By the same token, on the liberal Christian front, there are Palestinian Christian priests who re-write history by applying a method of allegorical interpretation to the Bible to dispel Jewish identity from Biblical narrative. Thus, a Bethlehem based Lutheran pastor, Dr. Mitri Raheb spreads a gospel where the state of Israel is portrayed as the ancient Roman occupier. Surely, we might wish there would not be churchmen promoting racial doctrines in the 21st century, but unfortunately that is not the case, for Raheb once went so far to declare that he as a Palestinian carries the same DNA than that of Jesus of Nazareth and King David, while Prime Minister Benjamin Netanyahu’s DNA matches with “East European tribe who converted to Judaism in the Middle Ages.” If this is not a racist theory, then what is?
However, hating Jews because of the Jewish religion, culture and people is not only a Christian or a Nazi phenomenon, for the very reason radical Islamists’ hatred of Zionists is not the question over so-called 1967 borders, but from the characteristically religious belief that the whole of the Jewish state from the river to the sea, is an insult of Allah.

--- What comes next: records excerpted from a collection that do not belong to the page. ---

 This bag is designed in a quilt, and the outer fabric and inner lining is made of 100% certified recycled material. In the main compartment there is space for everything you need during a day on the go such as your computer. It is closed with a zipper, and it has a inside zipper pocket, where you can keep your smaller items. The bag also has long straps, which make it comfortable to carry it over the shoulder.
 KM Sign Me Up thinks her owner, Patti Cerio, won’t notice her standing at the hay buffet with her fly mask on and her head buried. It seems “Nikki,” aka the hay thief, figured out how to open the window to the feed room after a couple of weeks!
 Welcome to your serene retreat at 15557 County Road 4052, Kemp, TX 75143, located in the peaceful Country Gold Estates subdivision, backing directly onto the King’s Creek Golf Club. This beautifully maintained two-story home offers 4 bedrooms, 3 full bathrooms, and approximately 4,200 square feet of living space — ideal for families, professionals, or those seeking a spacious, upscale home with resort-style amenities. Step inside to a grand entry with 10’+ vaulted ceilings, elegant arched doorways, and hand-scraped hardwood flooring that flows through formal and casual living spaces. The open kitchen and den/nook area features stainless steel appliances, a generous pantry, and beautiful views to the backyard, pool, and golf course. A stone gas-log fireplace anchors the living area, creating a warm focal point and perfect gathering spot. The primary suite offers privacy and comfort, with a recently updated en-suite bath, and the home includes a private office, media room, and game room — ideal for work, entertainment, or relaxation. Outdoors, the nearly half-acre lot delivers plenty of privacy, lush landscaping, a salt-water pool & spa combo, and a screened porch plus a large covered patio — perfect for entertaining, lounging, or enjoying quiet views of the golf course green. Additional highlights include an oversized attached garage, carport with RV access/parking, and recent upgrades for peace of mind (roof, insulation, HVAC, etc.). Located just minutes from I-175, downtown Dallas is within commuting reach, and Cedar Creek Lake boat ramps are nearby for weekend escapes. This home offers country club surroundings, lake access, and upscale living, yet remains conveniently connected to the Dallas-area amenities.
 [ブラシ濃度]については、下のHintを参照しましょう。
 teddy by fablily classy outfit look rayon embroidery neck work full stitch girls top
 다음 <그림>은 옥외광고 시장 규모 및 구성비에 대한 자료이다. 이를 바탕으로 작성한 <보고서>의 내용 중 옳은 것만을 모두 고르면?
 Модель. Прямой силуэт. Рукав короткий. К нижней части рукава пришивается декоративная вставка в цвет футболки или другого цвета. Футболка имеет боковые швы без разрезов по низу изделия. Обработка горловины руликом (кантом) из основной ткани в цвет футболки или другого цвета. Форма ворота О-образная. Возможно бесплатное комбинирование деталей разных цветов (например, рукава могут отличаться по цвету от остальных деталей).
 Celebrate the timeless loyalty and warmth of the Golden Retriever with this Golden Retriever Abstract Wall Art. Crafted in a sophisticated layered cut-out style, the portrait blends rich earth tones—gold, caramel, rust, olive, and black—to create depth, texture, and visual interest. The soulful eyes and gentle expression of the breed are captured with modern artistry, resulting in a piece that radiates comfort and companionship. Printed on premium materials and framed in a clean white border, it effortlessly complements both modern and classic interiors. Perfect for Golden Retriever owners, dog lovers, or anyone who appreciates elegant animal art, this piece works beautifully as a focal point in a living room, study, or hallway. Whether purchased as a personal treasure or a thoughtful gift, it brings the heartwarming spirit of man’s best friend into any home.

Liberals in the west call Islamists’ struggle a “resistance,” but even Yasser Arafat made sure it was “Jihad.” Moreover, when UNESCO passed the famous resolution, which referred to the Temple Mount as illegally occupied Palestinian land with no rights for Jews to it, the Organisation of Islamic Cooperation (OIC) hailed the resolution joyously, because the resolution acknowledged the Temple Mount to be an exclusively Islamic holy site with no links to Jewish history.
But it’s not only that some Christians, Nazis or radical Islamists try to wipe away Judaism or replace it with something else. Famous radical leftist cartoonist Carlos Latuff hates it too. In one of his drawings he presents the IDF as “the chosen people,” as a reason for him to portray Palestinians as the “chased people.” One can easily find memes of Prime Minister Netanyahu set side-by-side with Hitler, the latter saying, “we are the master race,” and the former saying, “we are the chosen people.” Indeed, in many cases, the anti-Semitic equating of Jews with Nazis is not based on the so-called Holocaust inversion where “Gaza is the new Warsaw ghetto,” but on the special role of the Jews as the chosen people.
In each of the cases above, anti-Semitism manifests itself as a desire to annihilate either the Jewish people, Jewish history, Jewish faith or the most significant embodiment of the modern-day Jewishness, namely the independent Jewish state.
It is true that Poland was occupied by Nazi Germany from 1939 to 1945. And it is true that the Polish town of Oświęcim was an occupied territory when the Nazis built up Auschwitz I and Auschwitz II.
But if there is any truth to Gunnar Heinsohn’s theory, then, as for the Holocaust and anti-Semitism, we move on the darkest level of human mind where no law reaches its power. Thus, it makes little sense for the government of Poland to pass laws that limit free speech on anti-Semitism. For in the light of the distribution of today’s anti-Semitism, laws that make it illegal to speak about anti-Semitism even in geographically or historically limited way, can be harmful for combating hatred, racism, and anti-Semitism. If the government of Poland truly wishes to shine the image of Poland, I guess they better fight anti-Semitism rather than deny it.